ASSIGNMENT: Whenever a picture appears, leave it out while repeating all the other data exactly.

DATA BLOCK:
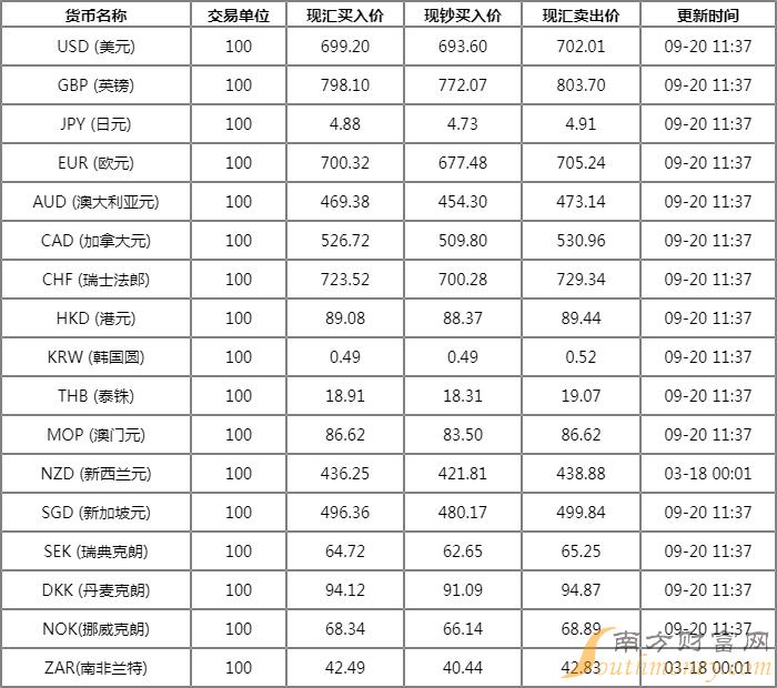 呆斜着眼的木耳 中国农业银行外汇牌价表 9月20日农行人民币汇率多少?下面同圈圈来看看。
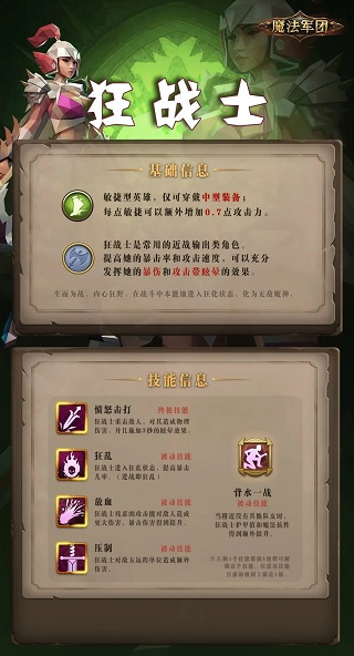 但要注意,虽然她普攻伤害高,但不建议在前期重点培养。因为前期很难有途径和大量的资源来提升这三个属性,而没有这三个属性的加持,狂战士就是个喜欢送死的“脆皮战士”!
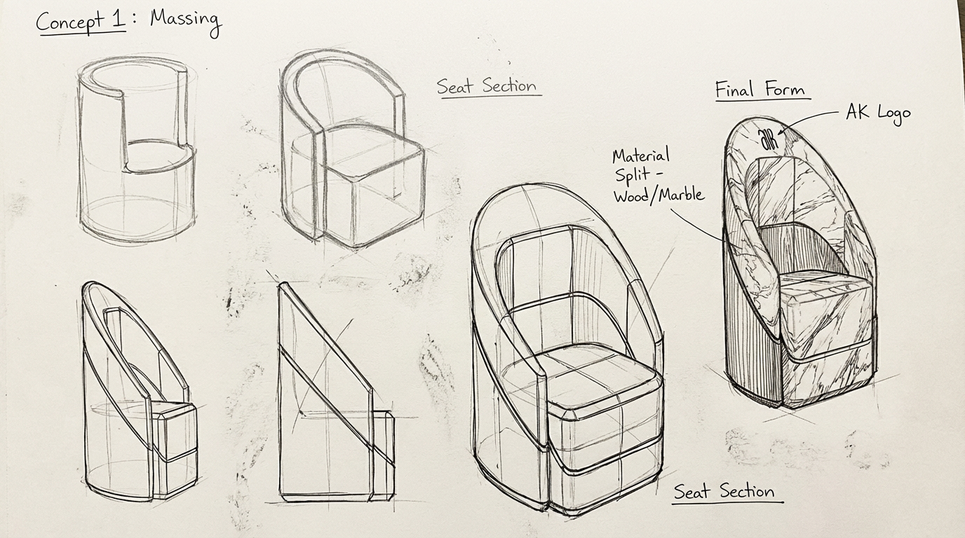 A major focus during the design process was detail , not only in shaping the chair, but also in how those details are presented. From early concept development to final visualization, every curve, material transition, and proportion was carefully refined.

RESPONSE FOR THIS EXERCISE:
 呆斜着眼的木耳 中国农业银行外汇牌价表 9月20日农行人民币汇率多少?下面同圈圈来看看。
 但要注意,虽然她普攻伤害高,但不建议在前期重点培养。因为前期很难有途径和大量的资源来提升这三个属性,而没有这三个属性的加持,狂战士就是个喜欢送死的“脆皮战士”!
 A major focus during the design process was detail , not only in shaping the chair, but also in how those details are presented. From early concept development to final visualization, every curve, material transition, and proportion was carefully refined.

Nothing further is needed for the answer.